Note: this article uses examples from the free statistical software R

In my Hardball Times article about the projecting the number of wins we expect from the division winner, I included the following example:

Instead of having five baseball teams, let's say we have five coins. All we are going to do is flip each coin 162 times. Each time a coin lands on heads, it gets a win, and each time it lands on tails, it gets a loss. The coin with the most wins after 162 flips wins the division.

How many wins would you project for the coin that ends up winning the division, whichever coin that might be?

No coin by itself is going to have an expected value of more than 81 wins, but it is extremely likely that at least one out of the five coins will end up with more than 81 wins just by chance. It turns out that if you repeat this experiment a bunch of times, the coin that wins the division will end up with about 88 wins, on average.

Hopefully this makes sense conceptually, but how do I get 88 wins (or, more precisely, 88.3943...)?

One way, of course, is to actually do what I said, and flip a bunch of coins over and over and over and record the results. Let's say I repeat this experiment 10 times, and I get the following results for the "division winners":

94, 85, 89, 87, 89, 90, 82, 86, 85, 86

That is an average of 87.3--pretty good, but obviously not the most precise estimate. We need to repeat the experiment more than ten times to make sure we get something closer to the true mean. Rather than spend hours upon hours flipping coins, we can actually cheat and get a computer to pretend to do it for us. This is called simulation, and it can be a very powerful statistical tool for determining probabilities, averages, distributions, etc that are not computationally obvious (full disclosure: I actually cheated and simulated the 10 seasons rather than record and tally 8000+ coin flips).

Now, let's simulate 1000 seasons: this time, we get 88.5940 wins leading the division, on average. Much better, but still a couple tenths off. Bumping the number of seasons up to 10,000, this time we get 88.4296. And if we keep simulating more and more seasons, we are going to start seeing the results stay clustered more and more closely around 88.3943.

So that's one way to estimate the expected win total for our division winner. How do I know that the results should cluster around 88.3943 specifically, though, other than simulating millions and millions of seasons?

We can get the answer without simulation by starting with a simpler question. What is the probability that none of the teams wins more than, for example, 81 games? The probability that one team wins no more than 81 games is a simple binomial distribution problem: pbinom(81,162,.5) ~ .5313. The probability that all five are at 81 or lower then becomes .5313^5 ~ .04233.

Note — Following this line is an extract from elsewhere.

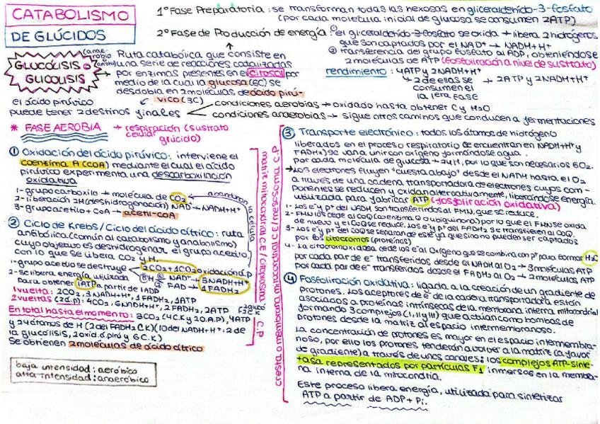 Esquema del tema de catabolismo completo a excepcion de catabolismo de los trigliceridos y de las proteinas SELECTIVIDAD

There is about a 4% chance that the division winner will have 81 or fewer wins. We can repeat that calculation for 80 wins, and we see that there is about a .02262 probability of the division winner having 80 or fewer wins. That means the probability of the division winner having exactly 81 wins is .04233 - .02262 = .01971.

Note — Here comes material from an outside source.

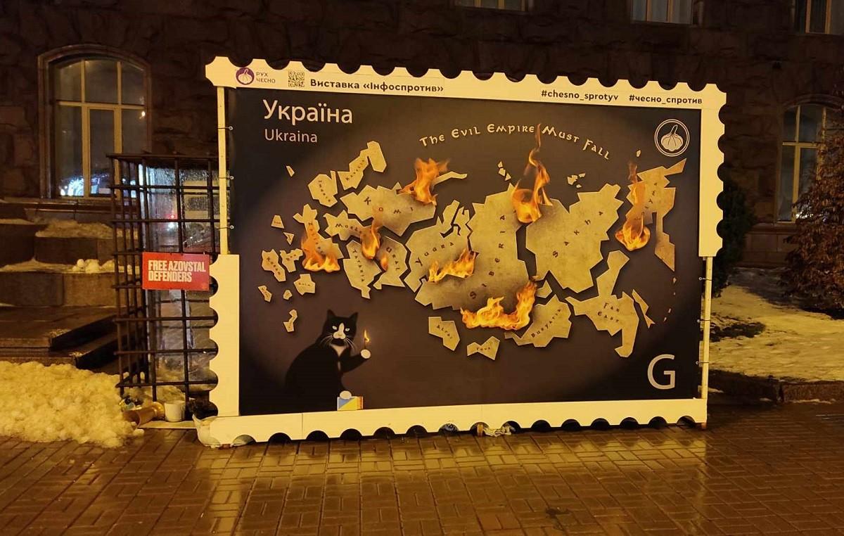 «Створювати та встановлювати марки з низкою пророчих сюжетів для нас вже стало хорошою традицією. Протягом 2023 року кияни та гості столиці радо фотографувалися з нашими марками, а у російських пропагандистів знатно підгорало», – розповідають ініціатори акції.

Then, we repeat that process for every number from 0 to 162, and we end up with a table of probabilities of the division winner ending up on each possible number of wins. (If you were to do this by hand, you could shortcut a bit by only going from something like 70 to 115 since the probabilities outside that range are all virtually zero anyway.)

Finally, we multiply each possible win total by the probability of the division winner finishing with that number of wins, and we add up the results to get a mean for the distribution. And doing that gives us 88.3943.


R CODE:

#calculate expected mean value of division winner
p <- .5 #probability of each team winning each game
n <- 162 #number of games per season
teams <- 5 #number of teams in the division

games <- 0:n # list of possible win totals (0:162)
p.list <- pbinom(games,n,p)^teams # p of div winner winning X games or fewer
wts <- c(p.list[1],diff(p.list)) # p of div winner winning exactly X games
sum(games*wts) # average wins by division winner

#RESULT
[1] 88.39431



As we can see, it is possible to calculate the mean of this distribution exactly, but it is still pretty cumbersome to do so without a computer. As such, let's discuss one final way to estimate this mean using simpler calculations.

First, we will need a continuous distribution, so we use a normal approximation for the binomial distribution. The mean of the normal distribution will just be 81 (the average number of wins we expect from a team in our example), and the standard deviation will be sqrt(npq) = sqrt(162*.5*.5) ~ 6.36.

All we need to do now is find the point where there is a 50% chance that five numbers randomly sampled from this distribution will all fall below that number. Start by finding the percentile of the distribution that fulfils this condition:

p^5 = .5
p = .5^(1/5) ~ 0.8706

This means we want point at the 0.8706 percentile of our normal distribution, which is simple to look up using an online tool or simple statistical software:

qnorm(0.8706,81,6.36) ~ 88.1849

That is our estimate for the expected number of wins from the division winner. This is slightly off because we are actually calculating the median and not the mean (and because we used a normal approximation, but that makes less difference), but it is still a pretty good estimate given the amount of calculation we simplified.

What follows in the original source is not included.